Les médias, eux, ont été perçus comme des « vilains » durant toutes les vagues de l’étude. Dans la vague 1, ils ont été considérés comme des instigateurs de panique dans la population, puis comme ayant exagéré le risque que représentait la pandémie (vague 2 et 3), suscitant l’émergence d’attitudes sceptiques envers les informations médiatiques liées à la pandémie. Les industries pharmaceutiques se sont également vues attribuer un caractère de « vilaines » de la part de la population dans les trois vagues de l’étude. Dans la vague 1, les participants ont pensé que les firmes pharmaceutiques allaient tirer un profit de l’émergence de la pandémie, même si les participants considéraient que ces firmes produisaient de bons médicaments. Durant les vagues 2 et 3, la vision cynique de firmes pharmaceutiques profitant des événements était toujours bien présente. Les firmes pharmaceutiques commençaient à être associées à des théories du complot affirmant qu’elles auraient manigancé l’émergence de la pandémie. De plus en plus de personnes ont commencé à dire que les firmes pharmaceutiques ont manipulé les gouvernements, de manière à leur vendre des doses exorbitantes de vaccins.

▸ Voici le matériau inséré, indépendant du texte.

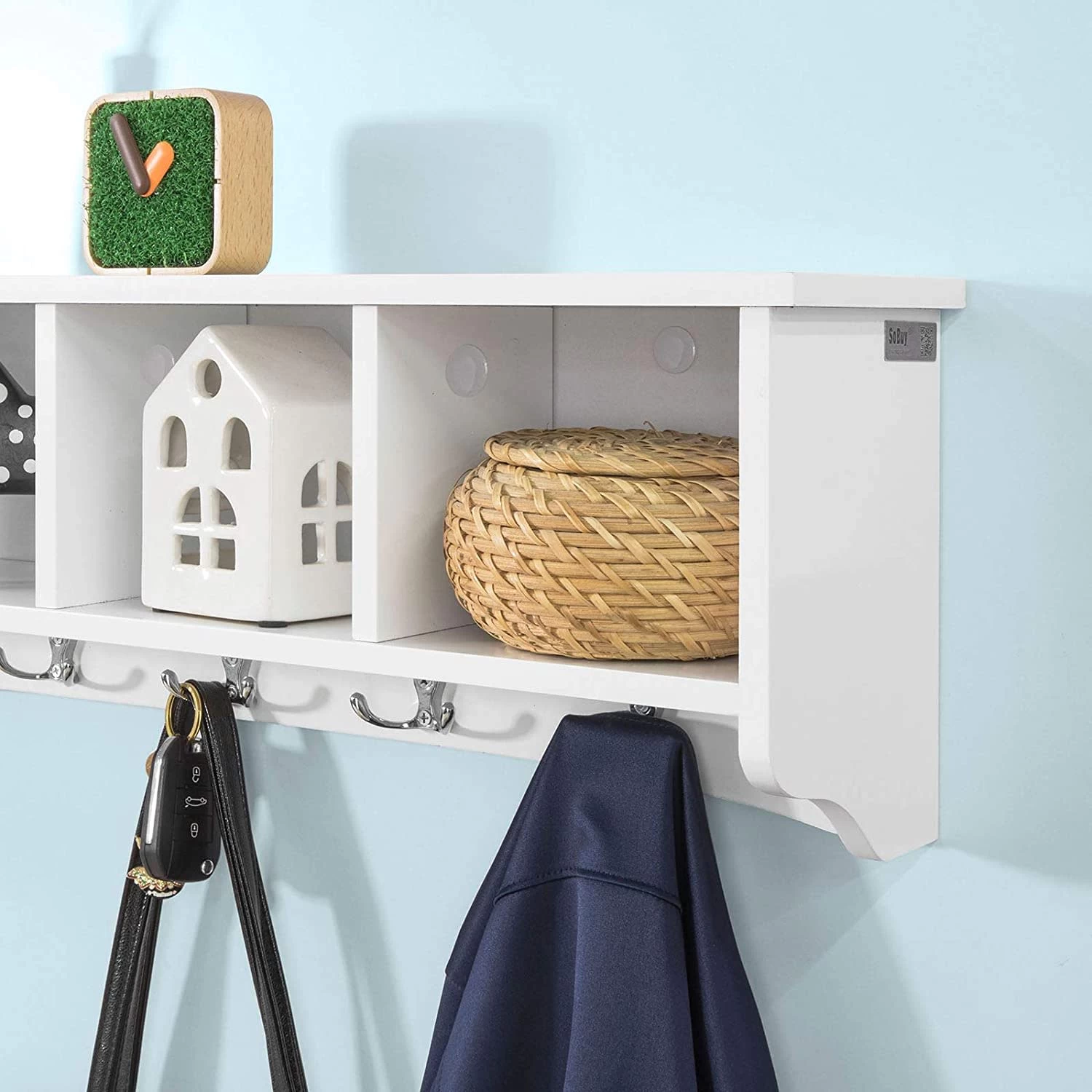 Außerdem könnten die fünf Haken als Aufhängungsmöglichkeit für Jacken, Handtücher oder Geschirrtücher benutzt werden.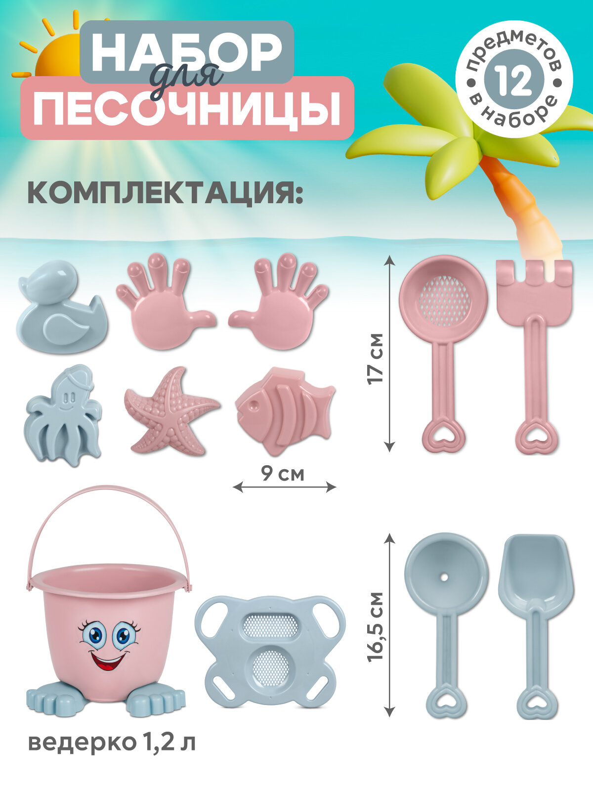 Купить Песочный набор "Человечек", ведёрко с крышкой, лопатка, грабли, воронка, сито, формочки, JB5300904

Les conclusions de cette étude montrent bien le caractère dynamique des représentations sociales des pandémies et l’essor d’attitudes sceptiques dans le public. Ma thèse étudie, d’une part, les représentations sociales du personnel infirmier de la dernière pandémie de grippe A/H1N1. D’autre part, elle s’intéresse aux interactions entre les expériences de ces professionnels de la santé et les institutions qui créent, gèrent et diffusent les représentations de la menace de ces maladies. En cela, ma thèse vise à comprendre ce qui favorise l’adoption des attitudes sceptiques envers les maladies infectieuses émergentes et les recommandations provenant des autorités de santé publique. Elle a également pour objectif de documenter l’influence de ces attitudes sur les intentions futures de vaccination contre la grippe, qu’elle soit saisonnière ou pandémique. Le fait que les membres du personnel infirmier soient des professionnels de la santé ne les empêche pas d’avoir des conceptions erronées à propos de la

vaccination antigrippale (Hofmann et al., 2006), et ne les protègent pas du scepticisme envers les maladies infectieuses émergentes.